YAYOI KUSAMA / Fondation Louis Vuitton

Exposition Paris

Exposition / Exposition Paris 256 Views comments

“To share the feelings and questions provoked by certain works whose power to “break the principles” reinvents a relationship with the world”: that is the guideline of the Louis Vuitton Basis Collection created in 2006 by Bernard Arnault, a principle with which we determine. This is the reason we've decided to focus every month on an iconic work from the gathering, which now consists of 330 modern works (created because the 1960s) by 120 international artists. 

Organised “around delicate strains that draw four instructions: Contemplative, Popist, Expressionist, Music and Sound”, “the collection does not need to ignore the history through which it is embedded, nor the range of media, languages and expressions”.

At the crossroads of those paths and on the forefront of the avant-garde and the revolution in languages and media at the time of its creation in New York in 1965, the long-lasting work we have now chosen to start this collection, the Infinity Mirror Room by the Japanese artist Yayoi Kusama, is thus emblematic of the collection, but in addition of the complete work of this high priestess of immersive artwork and occurring, a veritable dwelling legend of the sixties.

The primary in a collection of kaleidoscopic environments, this work consists of an enclosed area, accessible by means of a single door, lined with mirrors and affected by phallic tubers manufactured from white material with purple polka dots – the proliferating polka dots which have grow to be the trademark of the eccentric artist. A phallus subject (Phalli’s area is the second title of the work) reflected to infinity… Immersed on this hallucinatory “landscape-painting”, “the spectator is caught up in an intense multi-sensory immersive experience”, inflicting the poisonous tubers to collide together with his own reflection in a chaotic proliferation: a vertiginous mise en abyme of the viewer immersed in his infinite, elusive reflections. From infinite area to perpetual erasure, the work is doubly misleading. 
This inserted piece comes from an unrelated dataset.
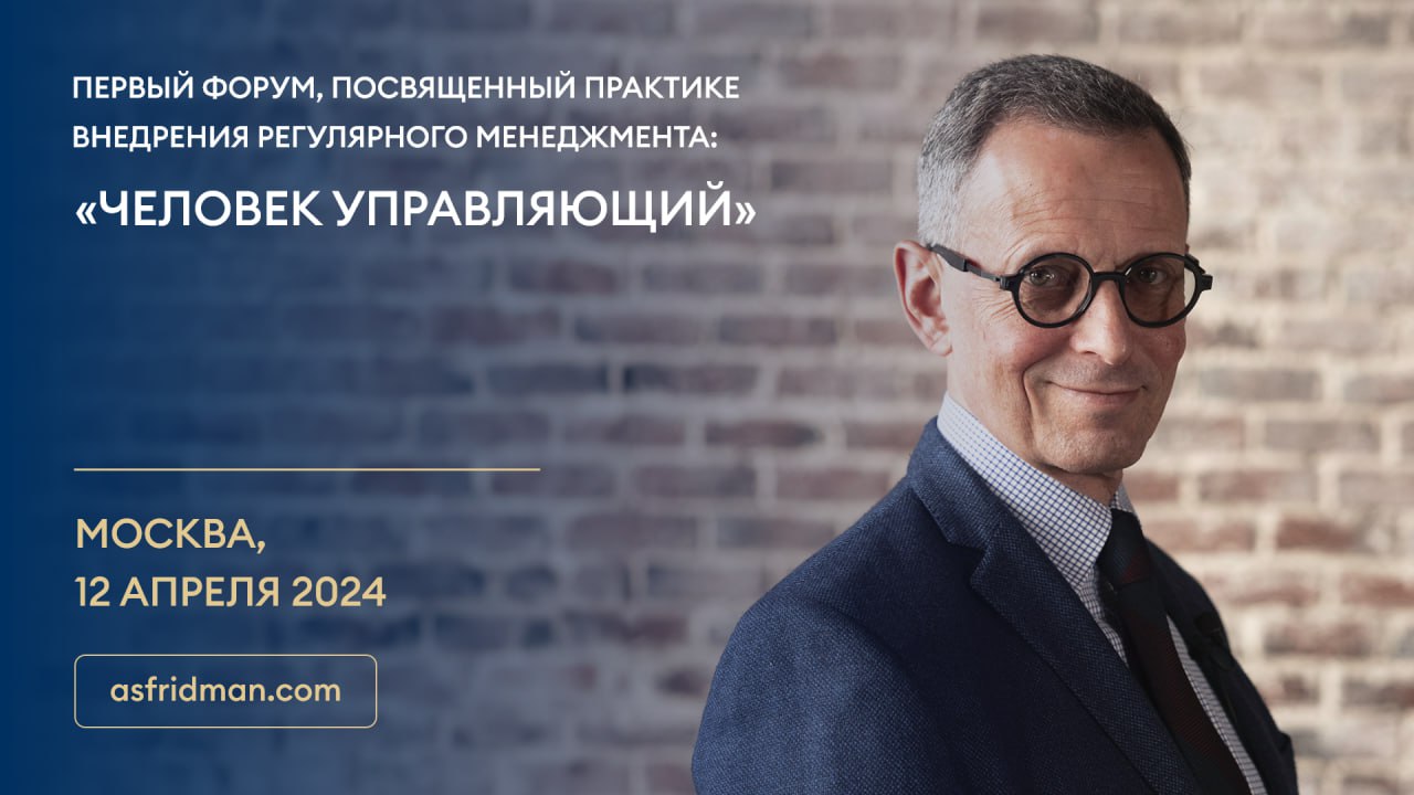 Коллеги, приглашаю вас на первый форум, посвященный практике внедрения регулярного менеджмента: «Человек управляющий», Москва, 12 апреля. Ознакомиться с программой и стоимостью можно по ссылке: https://fridman.com.ru/forum
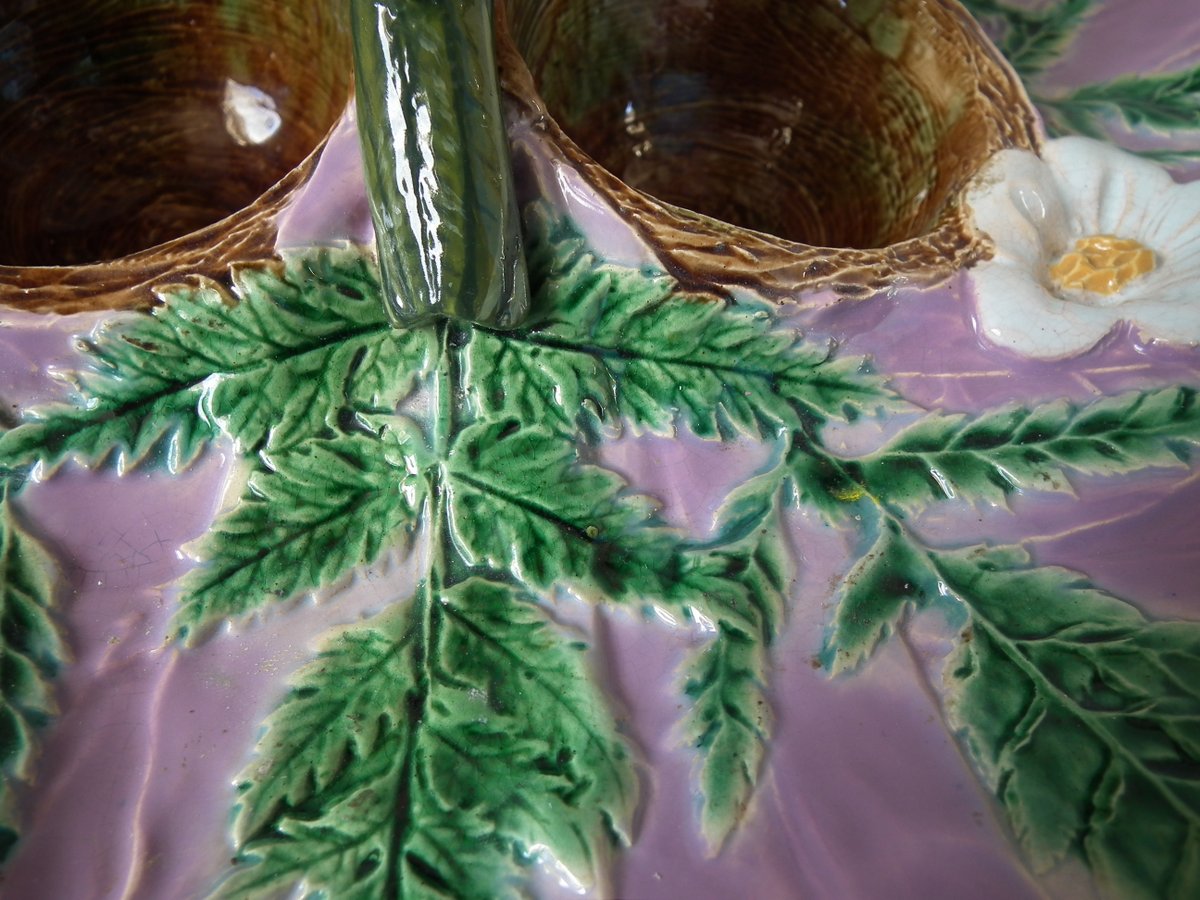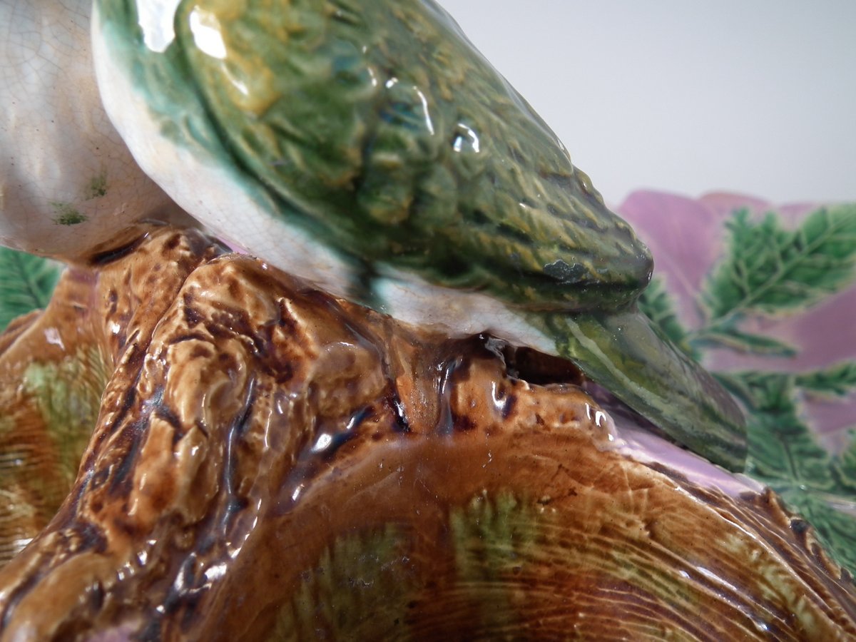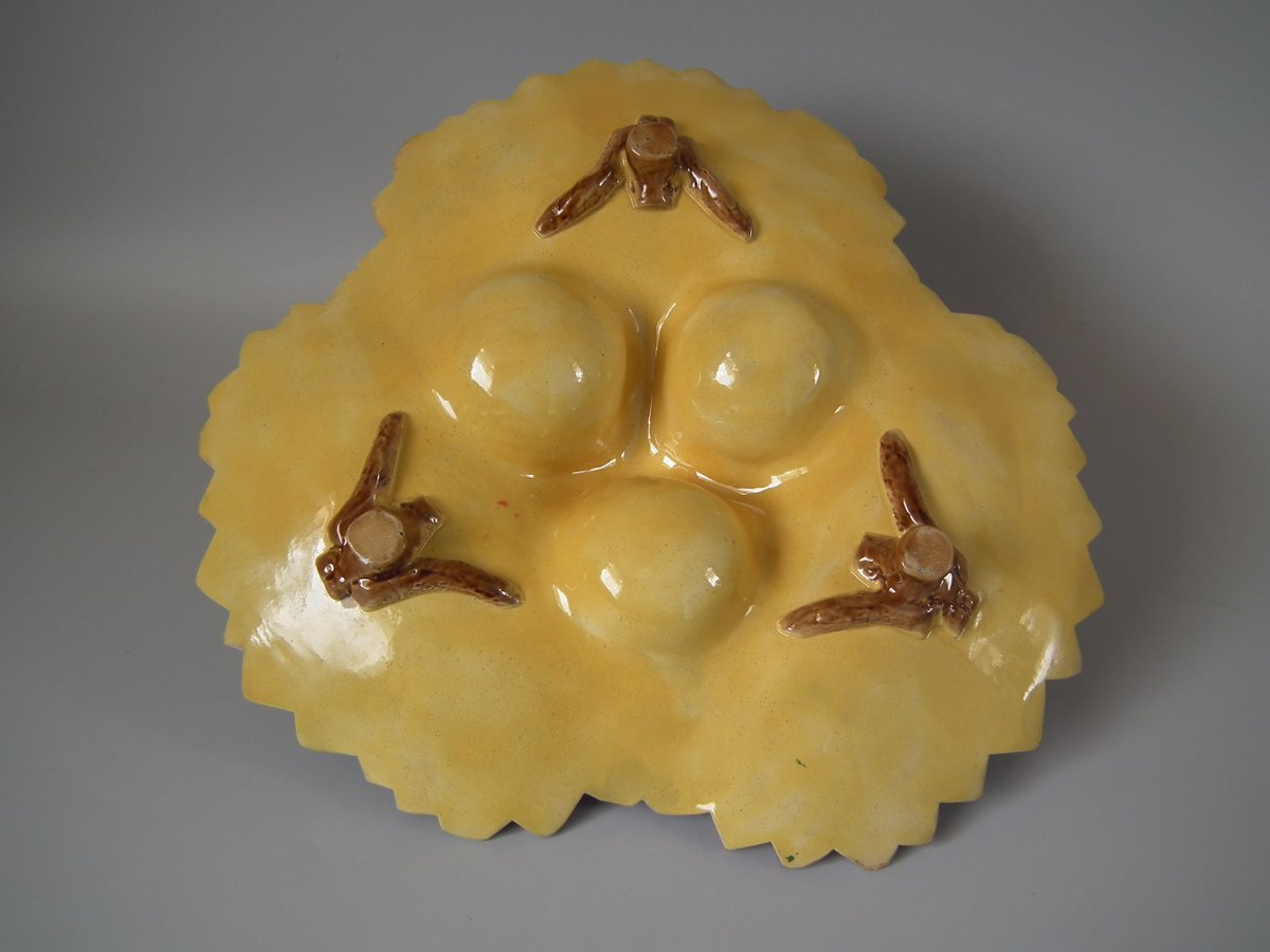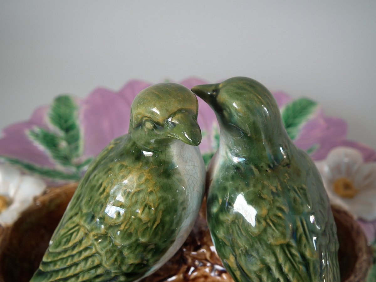 Victorian, circa 1880. 5.1ins high, 12.2ins wide, 12.2ins depth. Unidentified English Majolica strawberry server which features two birds perched on a trio of nests.

Additionally it is deceptive as to its which means if one ignores that phalluses and mirrors are representations of the divine in Japan, and that the artist, affected by an obsessive psychological sickness and susceptible to hallucinations (of proliferating varieties) since a traumatic childhood, provides her inventive apply a cathartic objective, a power of conjuration.

A pioneer – and subsequently cheerfully copied and plundered (by Andy Warhol, who imitated her proliferation of motifs; by Claes Oldenburg, who was impressed by her furnishings bristling with hand-sewn protuberances… ), Kusama was radical and provocative from her early years in New York (the place she settled in 1958, on the age of 29), notably via her use of nudity in her hippie physique festivals and different naked performances, by means of her voyeuristic units with erotic overtones, and thru using her body to activate area. From his immersive and proliferating areas to his aggregations of invasive natural types and other accumulative sculptures, the contribution of his avant-garde work, which has lengthy remained in the shadows, has been considerable, and it can be stated that it is on the origin of a number of the key works of the second half of the 20th century. 
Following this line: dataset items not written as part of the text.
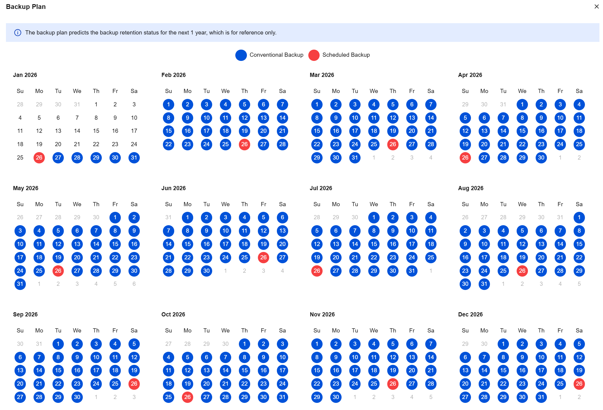 The backup plan preview currently shows the backup retention status for the next year, for reference only.
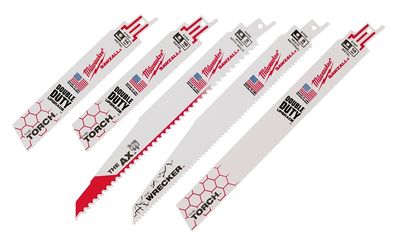 The Milwaukee five-piece Demolition Sawzall® blade set features an assortment of our most popular demolition blades for a broad range of professional applications. Milwaukee demolition blades are thicker for maximum durability and taller for straighter cuts. The set features the Ax™ for cutting nail-embedded wood, The Wrecker™ for multi-material demolition cutting and The Torch® for metal cutting.
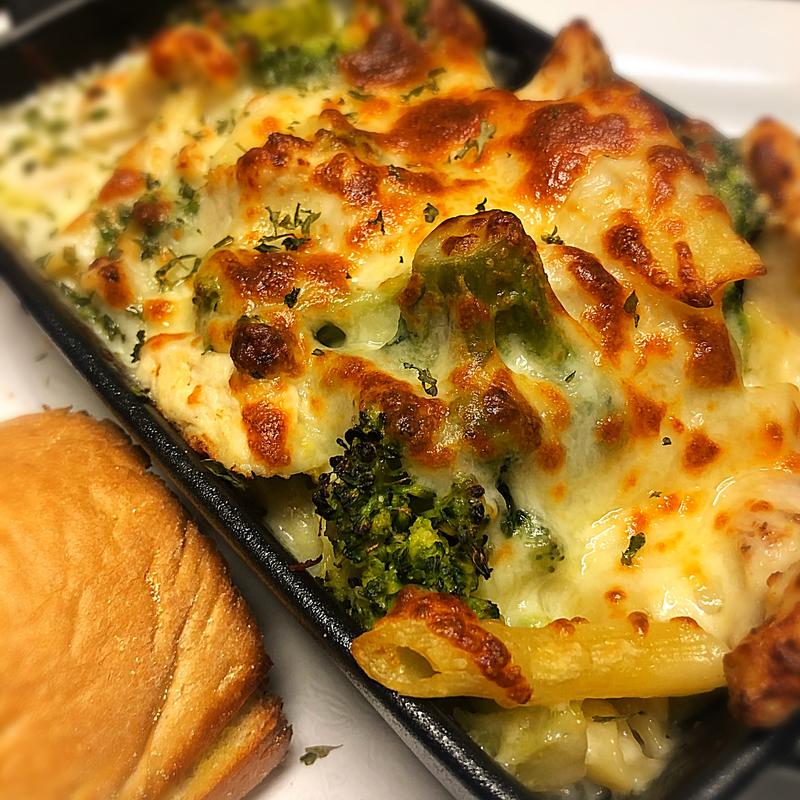 Grilled chicken, broccoli, cauliflower, penne noodles tossed in alfredo sauce, topped with mozzarella and provolone cheese and baked.

But it was in all probability on account of a scarcity of recognition that she returned to her native Japan fifteen years after leaving it. Voluntarily interned in a Tokyo psychiatric hospital since 1977, she continues at present, at the age of 93, from the studio that has been set up for her, to unfold her peas to beat back, many times, the hallucinatory obsessions that invade her. 
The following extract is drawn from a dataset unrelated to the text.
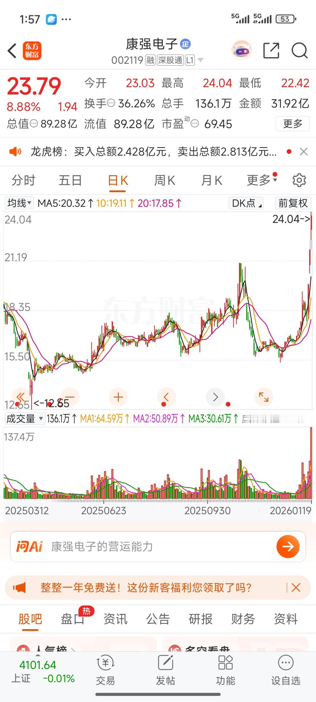 中午复盘时,我发现在自选股里有只好股——康强电子。它在11月和12月挖出了一个超
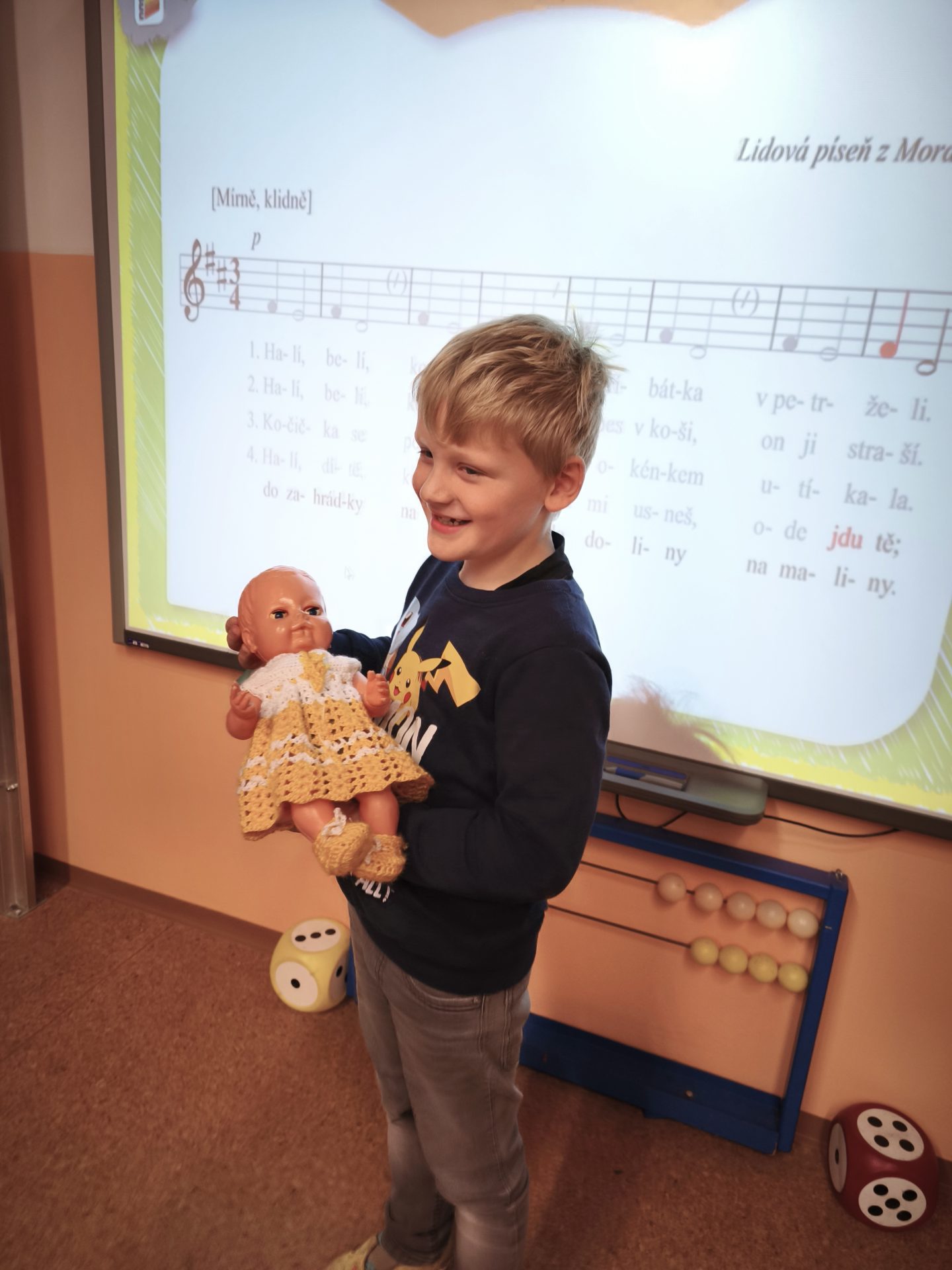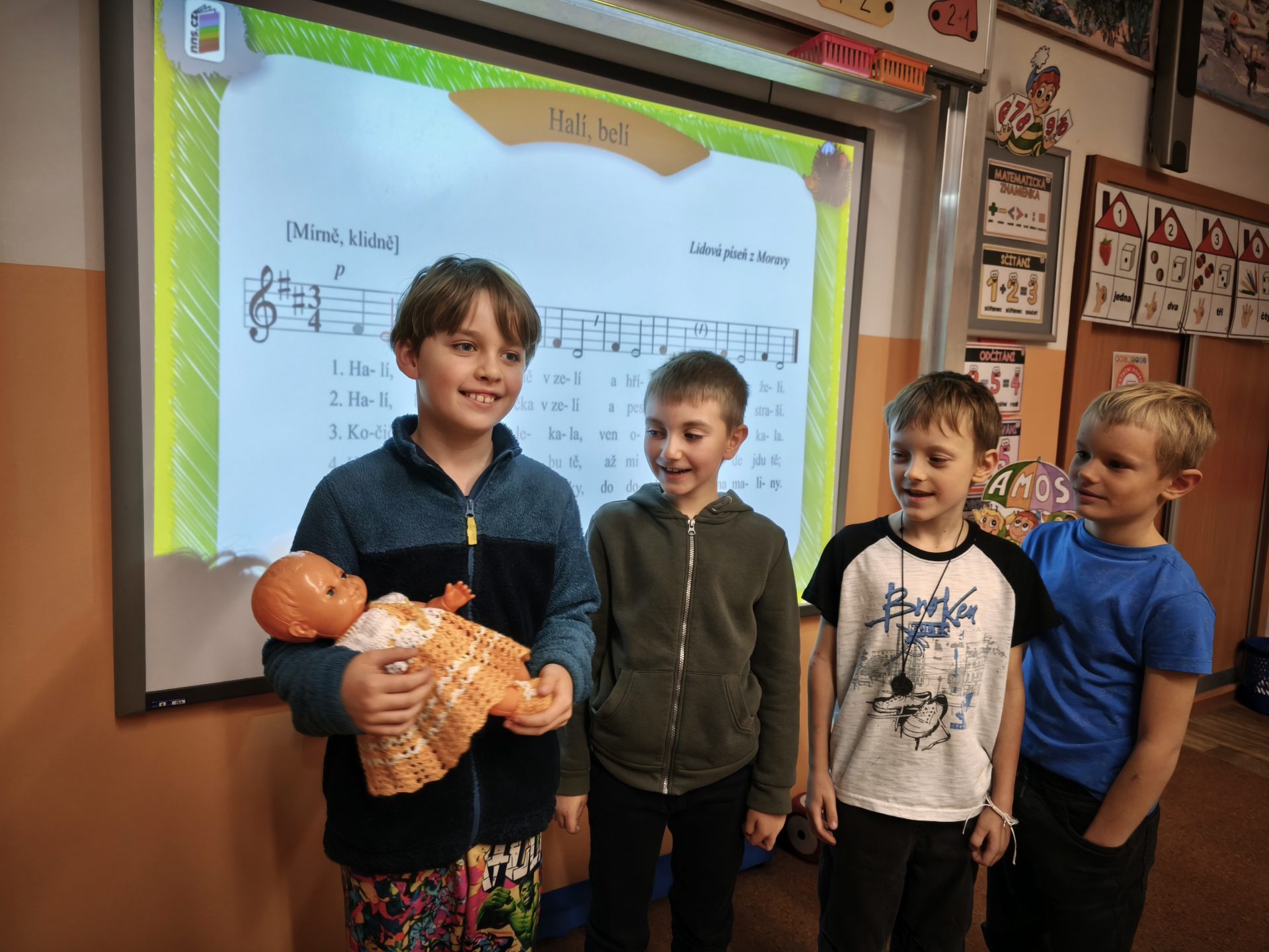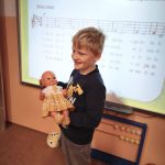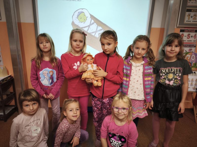 V listopadu jsme se v předmětu Člověk a jeho svět učili o rodině. Součástí bylo také téma – Starost rodiny o miminko. Využili jsme tedy mezipředmětové vztahy s hudební výchovou a vysvětlili si pojem ukolébavka. Jednu ukolébavku jsme se naučili a zazpívali ji našemu miminku (Aničce) ve třídě. Následovala výroba vlastního miminka a uložení do zavinovačky.

Is that this an try and erase himself inside the a number of? A quest to dissolve the physique within the immeasurable infinite? Anguish or want for disappearance (Kusama is the writer of a Manifesto of Obliteration)? “Alone in the pink boat, I am making an attempt to navigate the sea of demise […]”, the artist declared in 1998 to a different star of up to date art, Damien Hirst. A snippet of a sentence that claims so much about this pop and tragic epic.

Stéphanie Dulout

L’article YAYOI KUSAMA / Fondation Louis Vuitton est apparu en premier sur Galerie Joseph.